Before jumping to conclusions, it is essential to thoroughly review the performance of cross-equities and cross-asset classes. One notable observation is that European equities rose last week, driven by banks, which saw gains of more than 4%. Thus, the initial conclusion is that we are not witnessing a global growth scare. Also, value stocks outperformed growth stocks by 3% last week, which does not align with the message from the bond market, where yields continued to fall, including on Friday.

It is tempting to point to a growth scare in the bond market, drawing parallels to previous episodes. However, the still relatively new US administration plays a significant role here. Again, look at Europe, where the 10-year yield is down "only" 25 basis points from its peak in January compared to the US, where the decline is about 60 basis points. Hence, we are not really seeing a global growth scare.

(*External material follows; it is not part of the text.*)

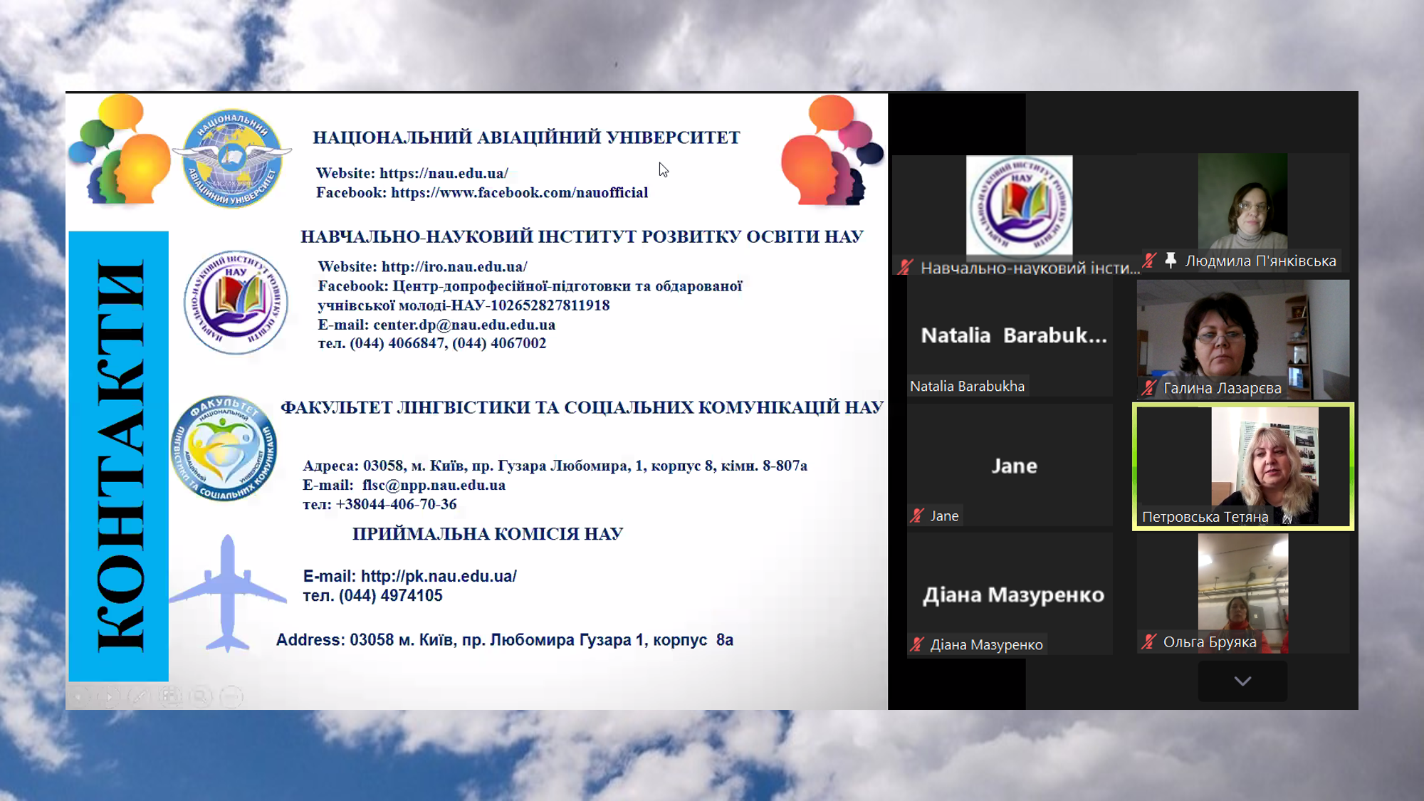 Модератор заходу – Петровська Тетяна, кандидат педагогічних наук, директор Центру допрофесійної підготовки та обдарованої учнівської молоді Навчально-наукового інституту розвитку освіти НАУ. Інформаційне забезпечення заходу здійснювала Третьякова Аліна, провідний фахівець ННІРО НАУ.

A final noteworthy observation is the performance of assets such as Bitcoin and Tesla, which surged right after the election but are currently under pressure. This indicates that we are not dealing with a classic growth scare sell-off but rather a policy fear and uncertainty-driven readjustment. US equities on Friday: Dow +1.4%, S&P 500 +1.6%, Nasdaq +1.6%, and Russell 2000 +1.1%. Markets in Asia are playing catch-up this morning despite the looming tariff deadline tomorrow. European futures are also reflecting the strong late-hour performance in the US on Friday, rising by half a percent this morning. US futures are green as well, although not rising as strongly as in Europe.

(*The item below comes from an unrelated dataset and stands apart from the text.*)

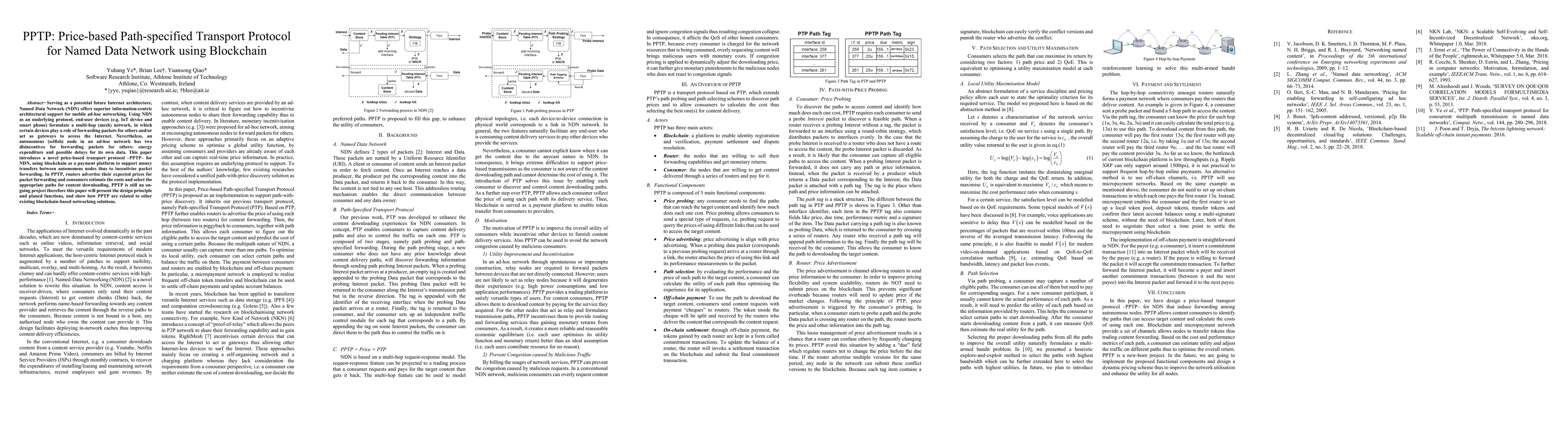 Serving as a potential future Internet architecture, Named Data Network (NDN) offers superior information-centric architectural support for mobile ad-hoc networking. Using NDN as an underlying protocol, end-user devices (e.g. IoT device and smart phone) formulate a multi-hop (mesh) network, in which certain devices play a role of forwarding packets for others and/or act as gateways to access the Internet. Nevertheless, an autonomous (selfish) node in an ad-hoc network has two disincentives for forwarding packets for others: energy expenditure and possible delays for its own data. This paper introduces Price-based Path-specified Transport Protocol (PPT) for NDN, using blockchain as a payment platform to support money transfers between autonomous nodes thus to incentivise packet forwarding. In PPTP, routers advertise their expected prices for packet forwarding and consumers estimate the costs and select the appropriate paths for content downloading. PPTP is still an on-going project therefore this paper will present the design principle and planed functions, and show how PPTP are related to other existing blockchain-based networking solutions.

FI: The decline in US yields continued through Friday's session as US consumer spending weakened significantly in January. The bulk of the move came from the front end of the curve with the 2Y US Treasury yield breaking below the 4% mark. In Europe, rates were relatively flat throughout the session despite a new batch of soft figures on core inflation from Germany and France. The recent string of soft US data has lowered the implied terminal Fed Funds rate from 4% by mid-February to 3.50% as of today. We think the downward correction can proceed a bit longer, as we target a terminal rate of 3-3.25%. However, the rapid repricing seen recently has left US yields more sensitive in the near term to upside data surprises (e.g. on this Friday's NFP) and the ongoing process of delivering an expansionary tax reform.

FX: EUR/USD dropped below 1.04 after Trump's tariff tweet last Thursday, which triggered a typical risk-off reaction and a broadly stronger USD - its first weekly gain in a month, also supported by general risk off sentiment. CEE currencies ended the US-session on Friday on a weak footing after Zelensky's visit to the White House took a turn for the worse, halting further immediate progress between the two nations. Closer to home, the market continued to press EUR/DKK FX forwards higher on Friday in anticipation of tighter liquidity conditions at the end of March.